E-CRF: EMBEDDED CONDITIONAL RANDOM FIELD FOR BOUNDARY-CAUSED CLASS WEIGHTS CONFUSION IN SEMANTIC SEGMENTATION

Abstract

Modern semantic segmentation methods devote much effect to adjusting image feature representations to improve the segmentation performance in various ways, such as architecture design, attention mechnism, etc. However, almost all those methods neglect the particularity of class weights (in the classification layer) in segmentation models. In this paper, we notice that the class weights of categories that tend to share many adjacent boundary pixels lack discrimination, thereby limiting the performance. We call this issue Boundary-caused Class Weights Confusion (BCWC). We try to focus on this problem and propose a novel method named Embedded Conditional Random Field (E-CRF) to alleviate it. E-CRF innovatively fuses the CRF into the CNN network as an organic whole for more effective end-to-end optimization. The reasons are two folds. It utilizes CRF to guide the message passing between pixels in high-level features to purify the feature representation of boundary pixels, with the help of inner pixels belonging to the same object. More importantly, it enables optimizing class weights from both scale and direction during backpropagation. We make detailed theoretical analysis to prove it. Besides, superpixel is integrated into E-CRF and served as an auxiliary to exploit the local object prior for more reliable message passing. Finally, our proposed method yields impressive results on ADE20K, Cityscapes, and Pascal Context datasets.

1. INTRODUCTION

Semantic segmentation plays an important role in practical applications such as autonomous driving, image editing, etc. Nowadays, numerous CNN-based methods (Chen et al., 2014; Fu et al., 2019; Ding et al., 2019) have been proposed. They attempt to adjust the image feature representation of the model itself to recognize each pixel correctly. However, almost all those methods neglect the particularity of class weights (in the classification layer) that play an important role in distinguishing pixel categories in segmentation models.
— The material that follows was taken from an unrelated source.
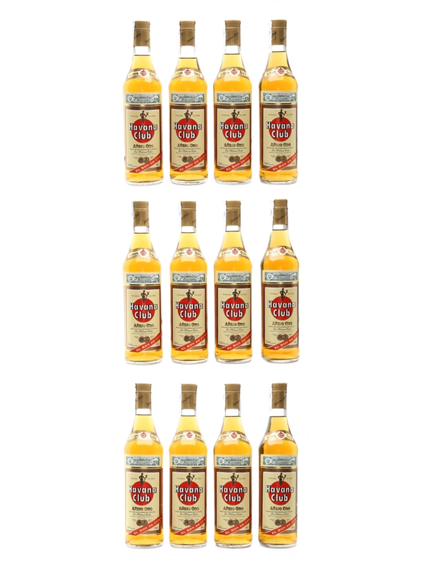 A case of 12 bottles of Havana Club Añejo Oro rum from Cuba, presented in the original cardboard box. These were bottled for the Spanish market, we estimate in the 1990s.
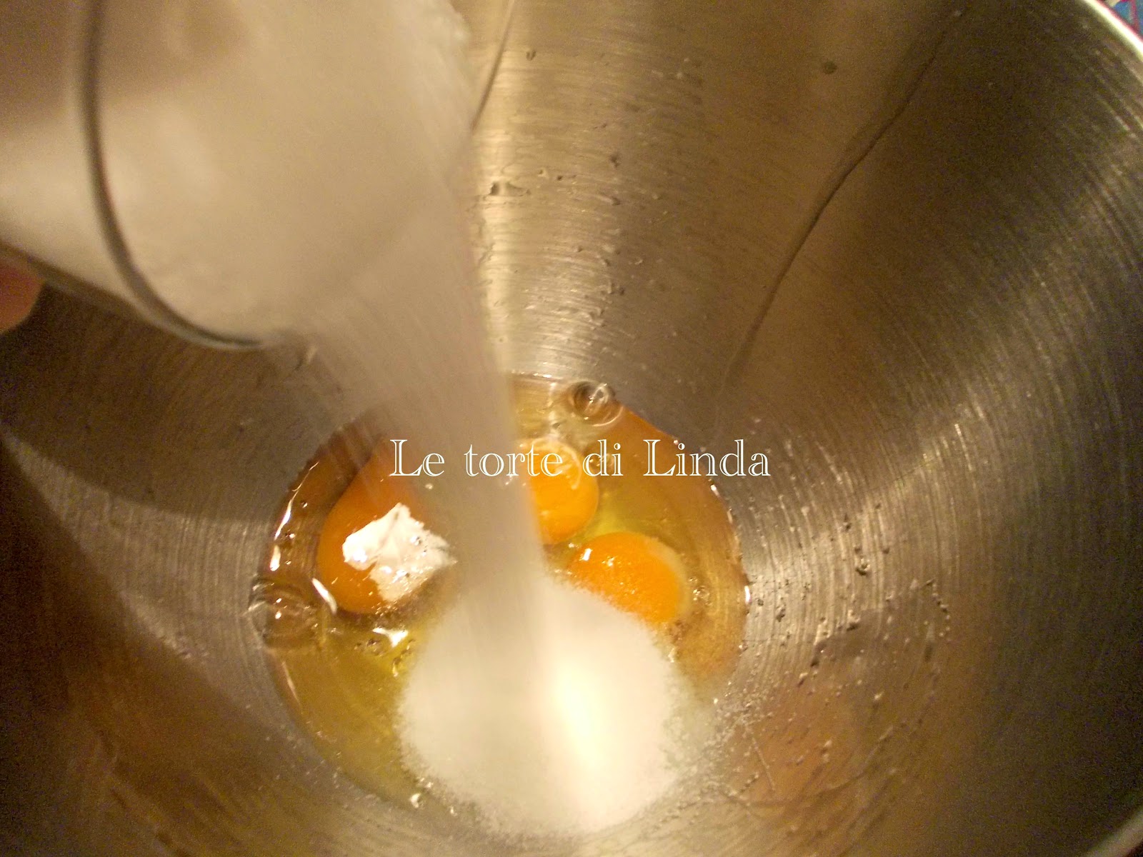 Inserite in una ciotola le uova e lo zucchero e mescolate.

Hence, it is critical to keep class weights discriminative. Unfortunately, CNN models have the natural defect for this. Generally speaking, most discriminative higher layers in the CNN network always have the larger receptive field, thus pixels around the boundary may obtain confusing features from both sides. As a result, these ambiguous boundary pixels will mislead the optimization direction of the model and make the class weights of such categories that tend to share adjacent pixels indistinguishable. For the convenience of illustration, we call this issue as Boundary-caused Class Weights Confusion (BCWC). We take DeeplabV3+ (Chen et al., 2018a) as an example to train on ADE20K (Zhou et al., 2017) dataset. Then, we count the number of adjacent pixels for each class pair and find a corresponding category that has the most adjacent pixels for each class. Fig 1(a) shows the similarity of the class weight between these pairs in descending order according to the number of adjacent pixels. It is clear that if two categories share more adjacent pixels, their class weights tend to be more similar, which actually indicates that BCWC makes class representations lack discrimination and damages the overall segmentation performance.